In one embodiment of the invention, multiple data sources describe same human subject.It is to say, many numbers
Source according to source can be different, but are both needed to describe same things, as described people, company etc..
Specifically, each data source can be a feature width table, including multiple data records, each data
Record also includes major key and multiple eigenvalue;It addition, each data source can also be the narrow table of multiple feature, use
In multiple eigenvalues of description same things, now also need to merge to generate a feature multiple narrow tables
Wide table, for the representation of multiple data sources, embodiments of the invention do not limit.
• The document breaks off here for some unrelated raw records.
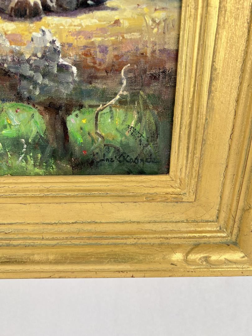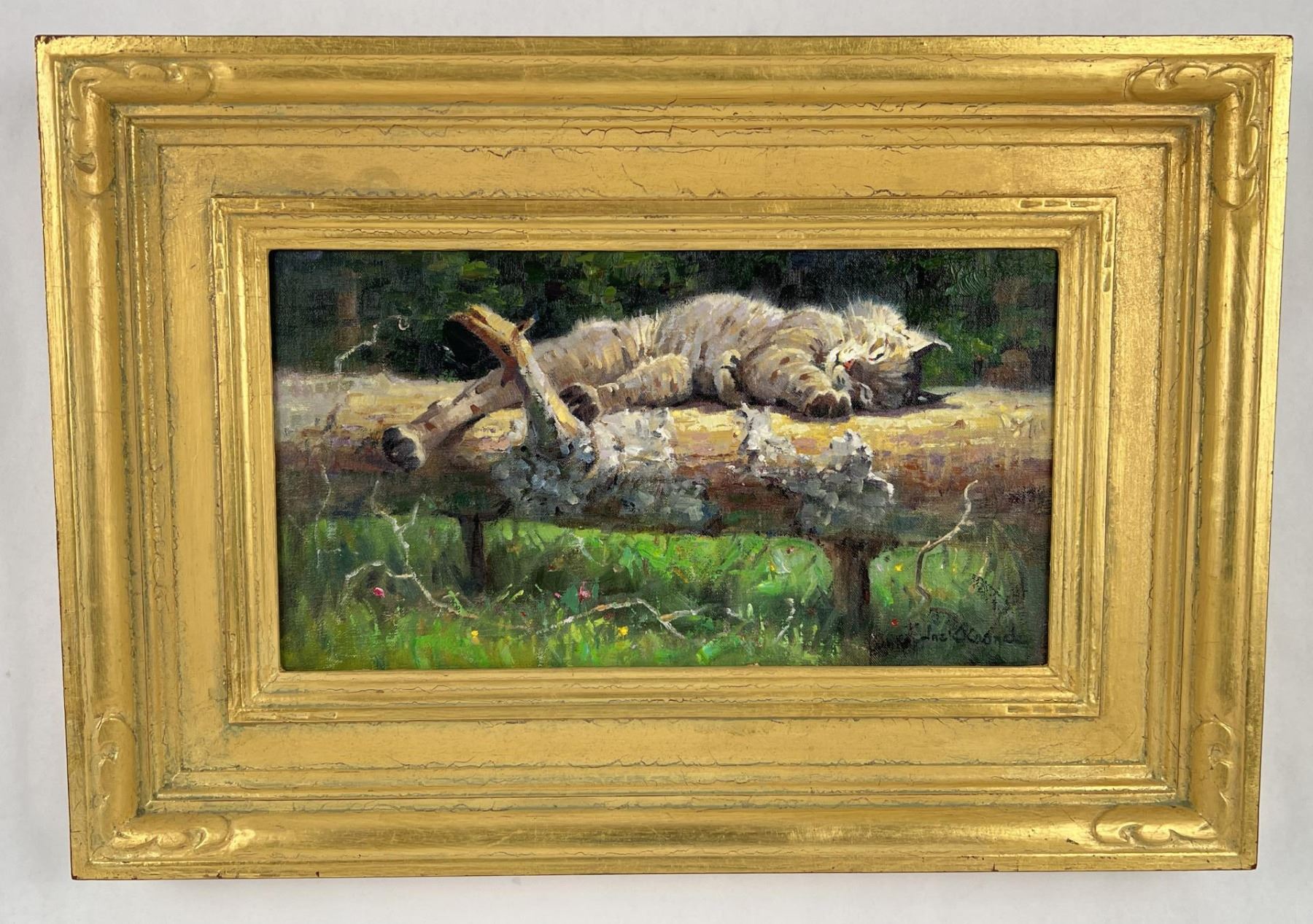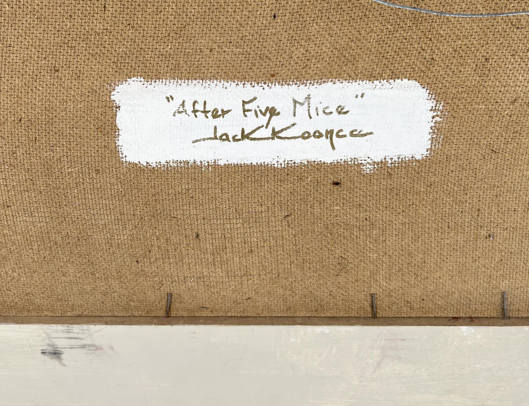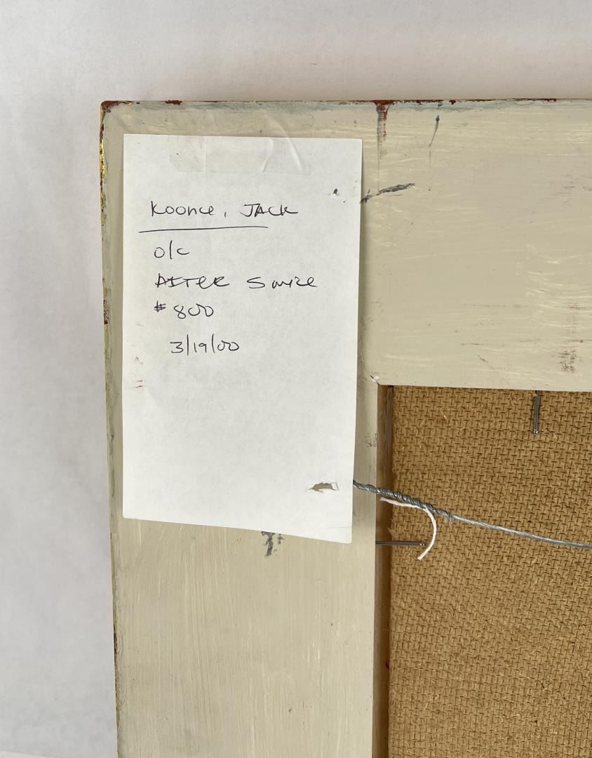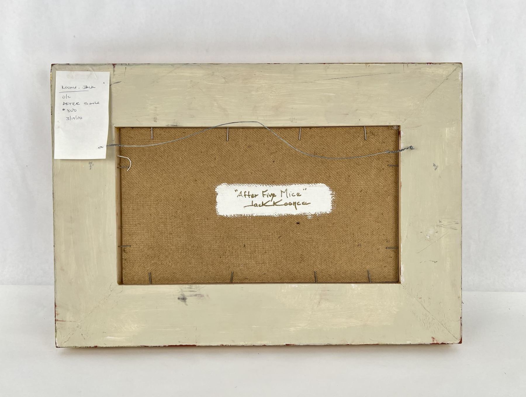 Title is After 5 Mice. 9" by 16" unframed. 16 1/4" by 23 1/2" framed. Jack Koonce (20th century) was active/lived in Idaho. Jack Koonce is known for Wildlife in landscape painting. Jack Koonce was raised in the sagebrush hills and craggy mountain peaks of Central Idaho, where he spent a childhood rambling through the vast rugged wilderness that was his backyard. Fishing, hunting, hiking, backpacking, skiing and sketching all combined to forge a deep and elemental bond with nature, and his canvases are evidence of that profound connection. Koonce recalls of his initial trip to the high alpine backcountry: "The first time I made it to high altitude in summer,I was hooked. Stunted trees and deep, green, grass against snow-white granite. Flowers everywhere..It was a masterwork." Cold, snowy winters worked their magic too. For back in the day, when the snows fell, Idaho mountain kids took to the slopes and skied. Long winters spent in the practice of ski racing - a difficult and somewhat obscure discipline - did much to forge Koonce's character, and painting style. In his work, he clearly draws upon the fearlessness, self-reliance, perseverance and, maybe especially, sheer awe, which the mountains demand of those who travel there. They're excellent teachers. "Skiing is about the mastery of craft as a way to discover beauty… and avoid disaster. That same mastery is required to find truth in the expression of painting," says Koonce. A lifetime of exploring the natural world also taught him to trust his instincts, he says, giving him "the courage to launch myself in a direction with utter abandon. It is this confidence in the unknown that I find myself turning to, in my work, time and time again." Living today on the Eastern edge of Idaho's Smoky Mountains, Koonce still finds spiritual and artistic inspiration in his rugged backyard. "Sometimes now I see wildlife, and I'll paint them where and how they stand, but more appealing to my sensibilities is to compile, from years of observation, the scene, the gestures, the mood..bringing them together into an imaginative whole. This, I think, makes my approach different from many wildlife artists who use photographs in a more literal manner. My approach is conceptual in its construction." It's an approach to life, and now his life's work, that has left him regretless. "It offers the endless excitement of perpetual discovery." Jack Koonce studied and taught art and biology at the highschool and college level prior to embarking upon a fulltime career as an artist. He is currently a signature member of the "Society of Animal Artists", New York, the "Worlwide Nature Artists Group and the "Oil Painters of America", Chicago. He has received several awards and is currently on a national museum tour representing the Society of Animal Artists.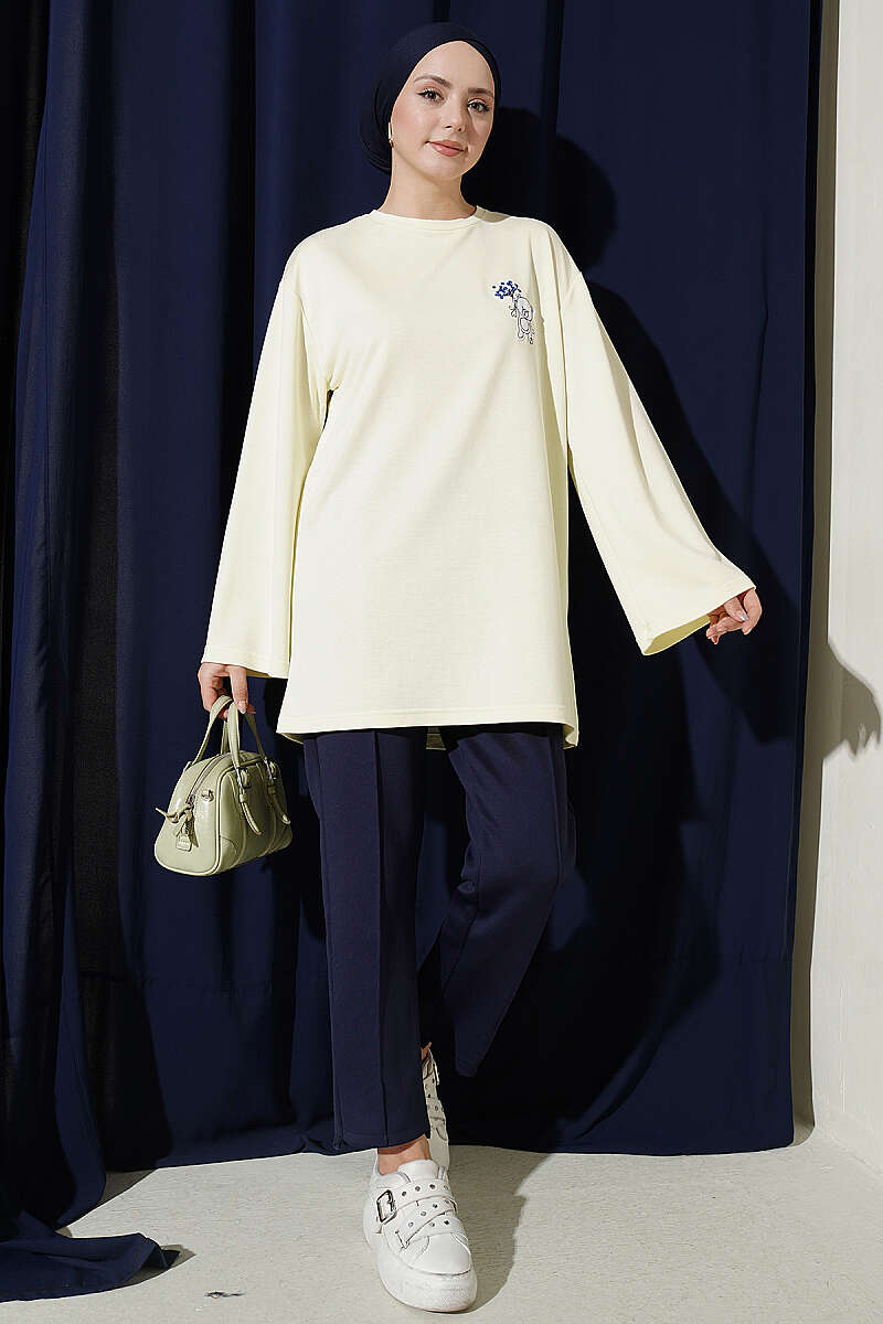 Ayıcık Nakışlı Loyşa Tunik Sarı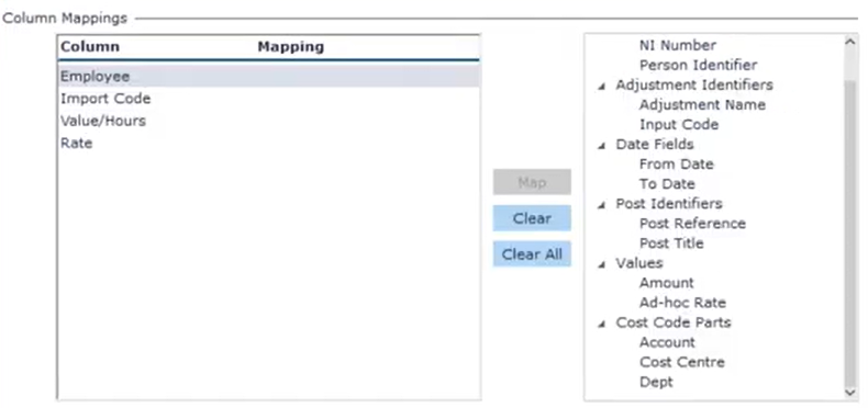 - Standard Import: A standard import map contains all pay values in one column with a payment heading (adjustment) name or code in a separate column.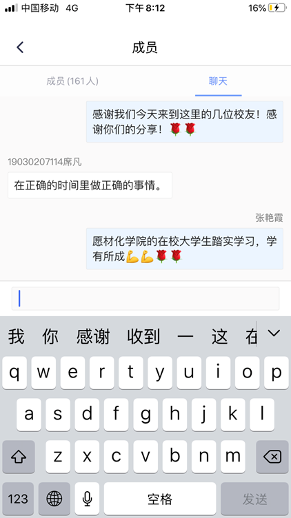 听取此次优秀校友云报告会的学生席凡谈到:非常感谢学院给我们提供的这个与优秀学长对话的机会,这将是一堂难忘的课程,感谢学长们的分享与鼓励。我非常钦佩学长们的自律和坚持,也感恩自己能在材化学院学习,我将以这四位优秀的学长为榜样,成为母院和母校的骄傲。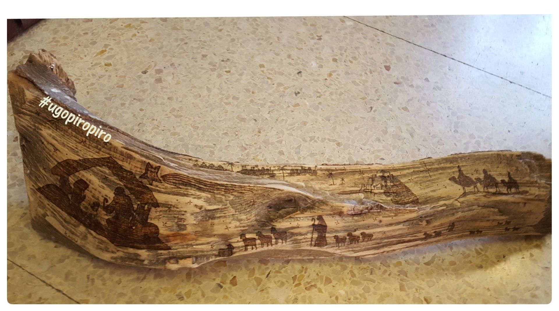 Scena sacra pirografata pirografata su sezione di tronnco trovata in un bosco cm120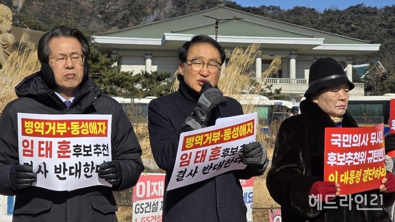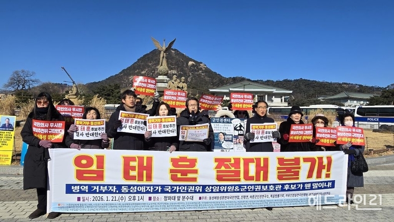 시민단체와 교계 단체들이 21일 청와대 앞 분수대에서 기자회견을 열고, 임태훈 씨가 국가인권위원회 상임위원 겸 군인권보호관 후보로 추천된 데 대해 강하게 반발하며 추천 철회를 촉구했다.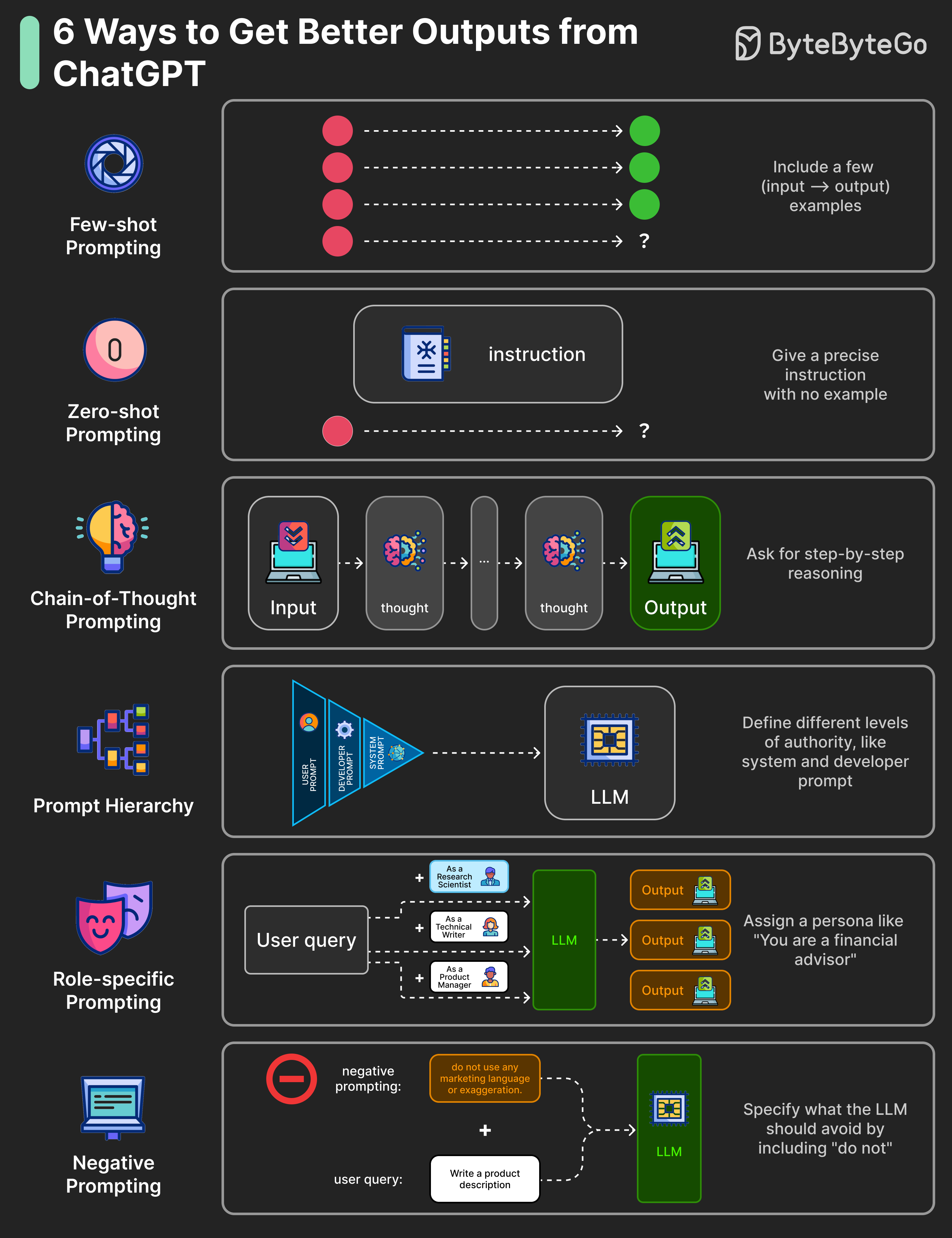 저는 LLM을 이용해서 문서 작성을 적극적으로 하는 편입니다. 정리 거리를 던져주고 작성을 해달라고 하는데 간혹 제가 의도한 대로 글을 잘 안 써주기도 하고, 프롬프팅을 어떻게 하는지에 따라서 달라지기도 하더라고요. 마침 구독하는 bytebytego에서도 프롬프트 방법에 대해 얘기하고 있어서 해당 아티클을 기반으로 내용을 추가하여 정리해보았습니다.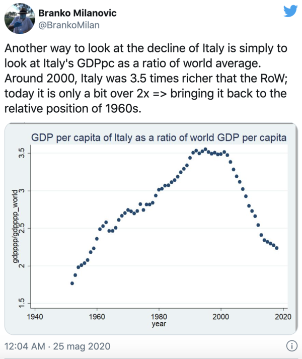 Si tratta di un meccanismo culturale molto importante, che ha avuto un ruolo cruciale nel declino degli ultimi decenni e dalla cui rimozione dipendono le possibilità di riscatto per il nostro paese nei prossimi anni.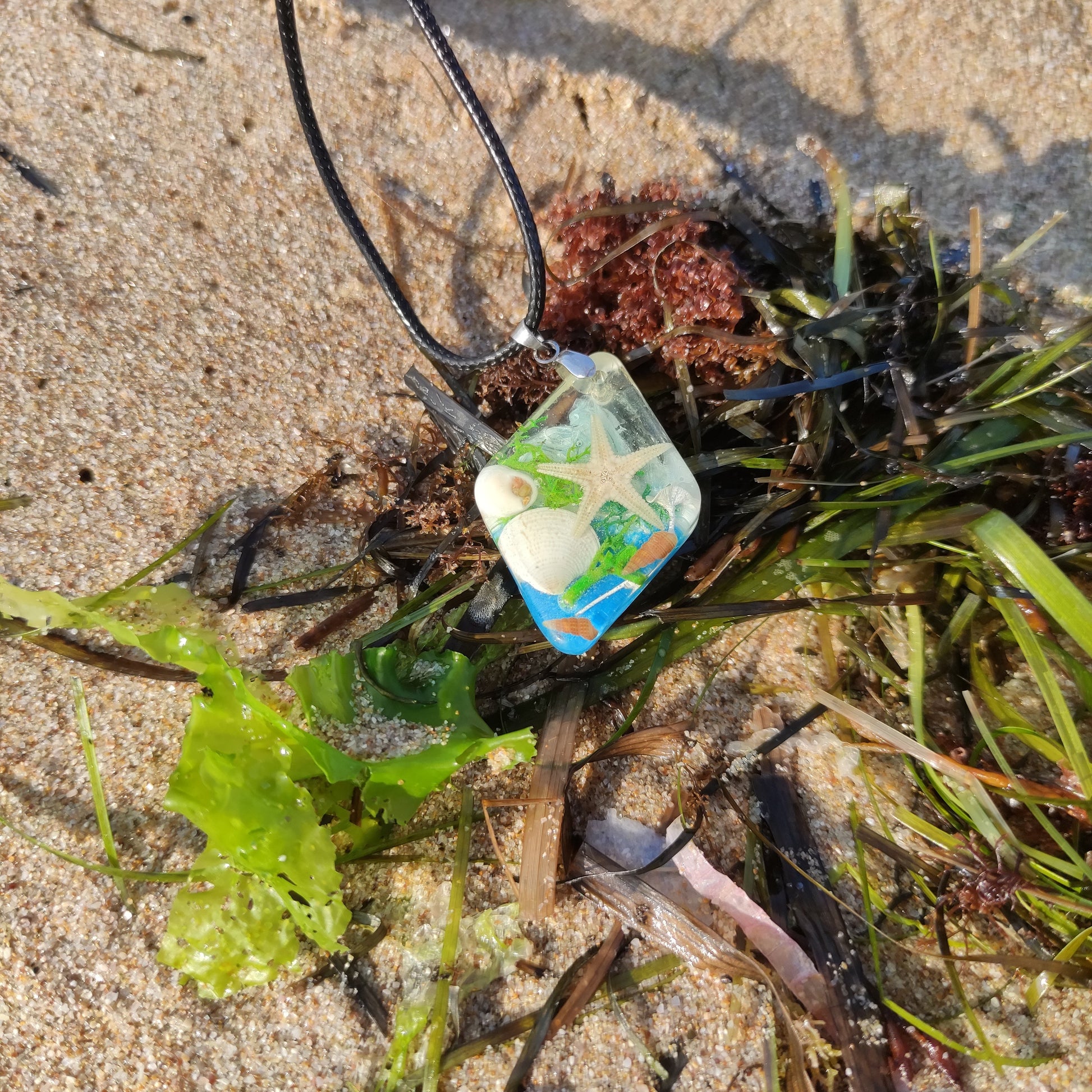 Материал: Бижуто е изработено от напълно безопасна епоксидна смола, специално предназначена за бижутерски цели, което прави изключително издръжливо. Дължината на верижката е 50 см. Предлагаме го всеки път с всеки, но може да заявите и стомана, както и различна дължина.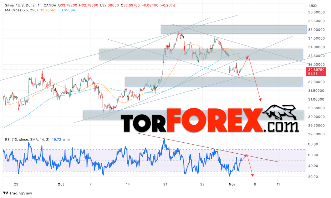 Дополнительным сигналом в пользу снижения котировок и цен на Серебро XAG/USD выступит тест линии сопротивления на индикаторе относительной силы (RSI). Вторым сигналом в пользу падения станет отскок от нижней границы бычьего канала. Отменой варианта снижения цен на Серебро 5 ноября 2024 станет сильный рост и пробой 34.35. Это укажет на пробой области сопротивления и продолжение подъёма в область выше уровня 36.55. Ожидать ускорения падения котировок XAGUSD стоит с пробоем области поддержки и закрытием цены под уровнем 32.05, что укажет на пробой нижней границы нисходящего бычьего.
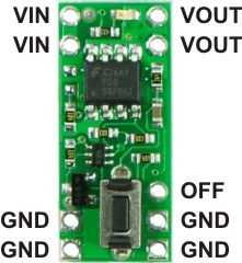 Las conexiones del interruptor son bastante sencillos. Hay dos pernos para la tensión en (VIN), dos para voltaje de salida (VOUT), cuatro para tierra (GND) y un pin marcado OFF.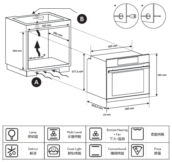 - 開孔尺寸 (高x闊x深):585 x 560 x 560 毫米

In conjunction with Fig. 5 for example, data source 1, data source 2 ..., data source N etc. can be obtained multiple
Data source (N is the positive integer more than 2).Data source 1 can be A industry personage, and data source B is permissible
For B enterprise personage etc., such as, a data source 1 can be as shown in table 1, and data source 2 can be as
Shown in table 2.Should be understood that Tables 1 and 2 is lifted only for the data source of the convenient explanation embodiment of the present invention
Example, can not be as the restriction to the embodiment of the present invention, in actual utilization, and the feature dimensions of data source
Degree is basic more than 100, the most up to ten thousand, and the number of data source is more than two.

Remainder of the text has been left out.